From a series of roundtable discussions this year with private client practitioners and family offices, Jersey Finance’s director Robert Moore, who has more than 13 years’ experience within Jersey’s financial services landscape, shares some of the learnings in the family office space. Throughout a series of events, he says there have been discussions around wealth preservation, asset protection, philanthropy to list a few but highlighted a growing sense of responsibility and awareness around family governance, the importance of which has been highlighted by the impact of the pandemic.

“What’s really emerged has been an acknowledgment of the need for not only effective corporate governance but also strong family governance, facilitating transparency and understanding around the expectations and aspirations of the family. There’s also been a real re-evaluation in thinking around investments with purpose and supporting charitable causes, in addition to the approach to asset protection for succession planning purposes. The pandemic has brought sharply into focus a need to ‘secure the future’ in an environment that has been far from certain,” he says.
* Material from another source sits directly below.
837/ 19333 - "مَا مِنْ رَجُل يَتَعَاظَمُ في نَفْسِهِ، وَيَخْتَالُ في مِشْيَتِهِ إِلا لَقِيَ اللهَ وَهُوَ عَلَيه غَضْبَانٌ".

Next generational factors have also emerged as important considerations in these discussions with an increased emphasis on sustainable investing, through the lens of Environmental, Social and Governance (ESG) factors.
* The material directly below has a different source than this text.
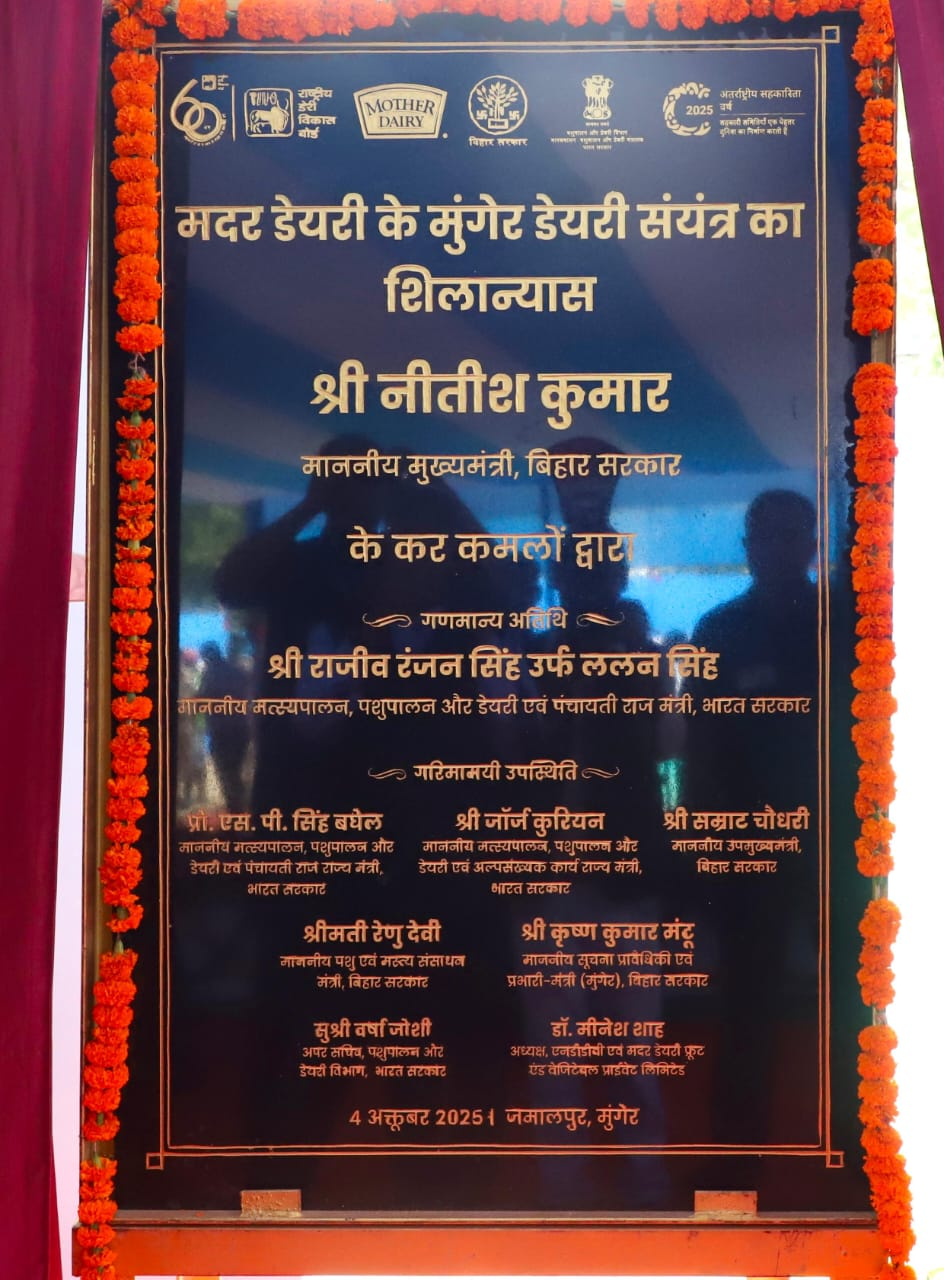 मुंगेर वासियों के लिए आज का दिन ऐतिहासिक साबित होगा क्योंकि आज बिहार के मुख्यमंत्री नीतीश कुमार ने जमालपुर स्थित बियारडा कि 15 एकड़ जमीन पर ढाई सौ करोड़ की लागत से नेशनल डेयरी बोर्ड की सहायक शाखा मदर डेयरी की नींव डालने के साथ ही मुंगेर वासियों ओर मुंगेर जिले के इर्दगिर्द के लोगों के लिए बारह हजार करोड़ कि योजनाओं की सौगात दी है।इस मौके पर उप मुख्यमंत्री सम्राट चौधरी ने कहा भारत सरकार के द्वारा मदर डेयरी का नींव मुख्यमंत्री के द्वारा डलवाने के लिए लालन जी को धन्यवाद देते है। नीतीश जी मुंगेर के इर्दगिर्द की बारह हजार करोड़ की योजनाओं का तोहफा देंगे।आज मुंगेर से भागलपुर तक गंगा पथ वे लगभग दस हजार करोड़ की योजना काम कियाजा रहा है। हल्दिया एक्सप्रेस वे का काम किया जा रहा है।*बिहार बदल रहा है बिहार समृद्धि की ओर जा रहा है।आज नीतीश जी की कल्पना है यहां कोको कोला आदि की कई फैक्ट्रियां खुलने जा रहा है ये नीतीश कुमार का विजन है।

We have also witnessed an evolution in client expectations with a strong lean towards technology and digital infrastructure – broadband speed in Jersey, for instance, is ranked second fastest in the world. Pair this with Jersey’s regulatory environment and its political and economic stability, the Island offers certainty to clients from less stable jurisdictions.

Access to specialist advice is not a challenge in Jersey either– we have one of the largest financial services workforces amongst all international finance centres (or IFCs), with deep pools of talent and experience in areas spanning across all areas of financial services from ESG and alternative investments through to digital development and governance’.

Moore sees promising developments in the sustainable finance sphere, which he says will shift to become even more aligned with the UN’s Sustainable Development Goals.

“This will mean there will be a lot of work on measuring the impact of investment on the environment. Investing with purpose is a trend we’ve been tracking for some time – we published our sustainable finance strategy earlier this year, and the theme of our private wealth conference in London next month is ‘People and Purpose’ which will cover these topics in-depth. The idea that good corporate governance correlates strongly with value creation and encourages sustainable practice came out very clearly at the events we held earlier this year, reflecting the mood music among family offices”.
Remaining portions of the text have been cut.